_Assignment:_
The line that contains "在第114個國際護士節(ji" marks the start. Please set it down, with every later line of the data, exactly and without pictures.

_Data extract:_

--- --- ---

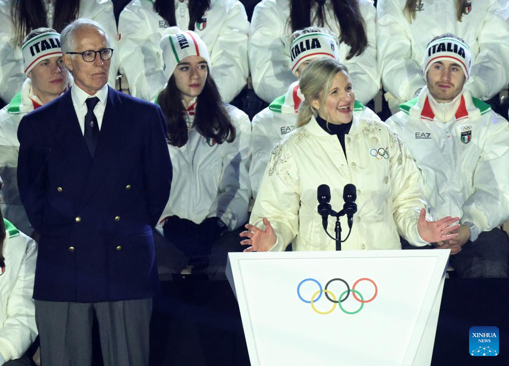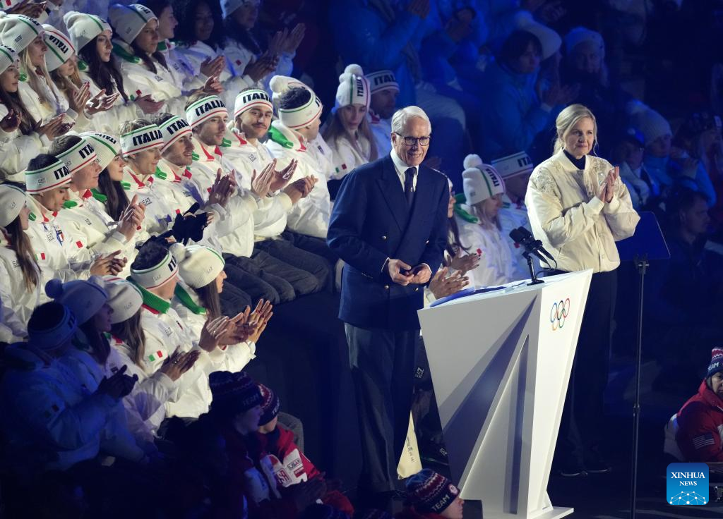 Giovanni Malago, president of the Milan-Cortina 2026 organizing committee, addresses the closing ceremony of the Milan-Cortina 2026 Olympic Winter Games at Verona Olympic Arena in Verona, Italy, Feb. 22, 2026. (Xinhua/Xue Yuge)
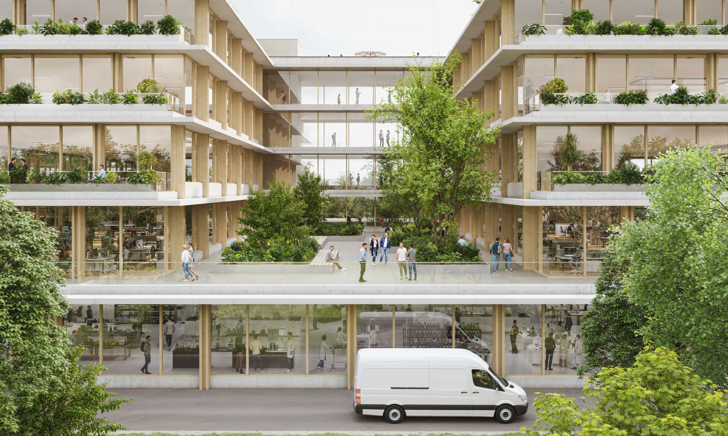 Der Entwurf sieht eine klare Riegelstruktur mit drei identischen Baukörpern vor, die durch zwei zentrale Gebäude verbunden werden. Diese Anordnung ermöglicht effiziente Grundrisse und kurze Wege, während die lichten Geschosshöhen von 4,2 Metern eine hohe technische und räumlich Anpassungsfähigkeit gewährleisten. Das Erdgeschoss wird als zusammenhängende, großzügige Zone ausgebildet, die sich für gemeinschaftliche und repräsentative Nutzungen wie Empfang, Showroom oder Gastronomie eignet.
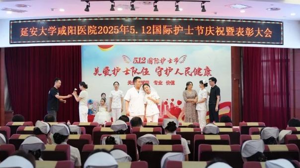 在第114個國際護士節(jié)到來之際,延安大學咸陽醫(yī)院于2025年5月8日下午在腦血管病院第三學術(shù)廳隆重舉辦主題為“關(guān)愛護士隊伍,守護人民健康”的護士節(jié)活動。精誠醫(yī)療集團董事局主席兼延安大學咸陽醫(yī)院董事長李衛(wèi)軍、延安大學咸陽醫(yī)院院長姚曉峰、常務(wù)副院長吳棟梁及院領(lǐng)導班子成員、各職能部門負責人、全院護士長及受表彰的優(yōu)秀護士、優(yōu)質(zhì)護理服務(wù)先進集體與個人、臨床護理優(yōu)秀教學集體及優(yōu)秀帶教老師,全院護士代表370余人參會,共同致敬新時代南丁格爾精神的踐行者。
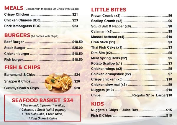 搜索关键词 burger steak, fried rice, fish chips, hot beef rolls, tasty meal options, crispy chicken, pork lemongrass, delicious takeaway, restaurant deals, Australian cuisine优势 Wide variety of meal choices,Mentions specific and appealing dishes,Highlights popular options like Fish and Chips

--- --- ---

_Answer box:_
 在第114個國際護士節(jié)到來之際,延安大學咸陽醫(yī)院于2025年5月8日下午在腦血管病院第三學術(shù)廳隆重舉辦主題為“關(guān)愛護士隊伍,守護人民健康”的護士節(jié)活動。精誠醫(yī)療集團董事局主席兼延安大學咸陽醫(yī)院董事長李衛(wèi)軍、延安大學咸陽醫(yī)院院長姚曉峰、常務(wù)副院長吳棟梁及院領(lǐng)導班子成員、各職能部門負責人、全院護士長及受表彰的優(yōu)秀護士、優(yōu)質(zhì)護理服務(wù)先進集體與個人、臨床護理優(yōu)秀教學集體及優(yōu)秀帶教老師,全院護士代表370余人參會,共同致敬新時代南丁格爾精神的踐行者。
 搜索关键词 burger steak, fried rice, fish chips, hot beef rolls, tasty meal options, crispy chicken, pork lemongrass, delicious takeaway, restaurant deals, Australian cuisine优势 Wide variety of meal choices,Mentions specific and appealing dishes,Highlights popular options like Fish and Chips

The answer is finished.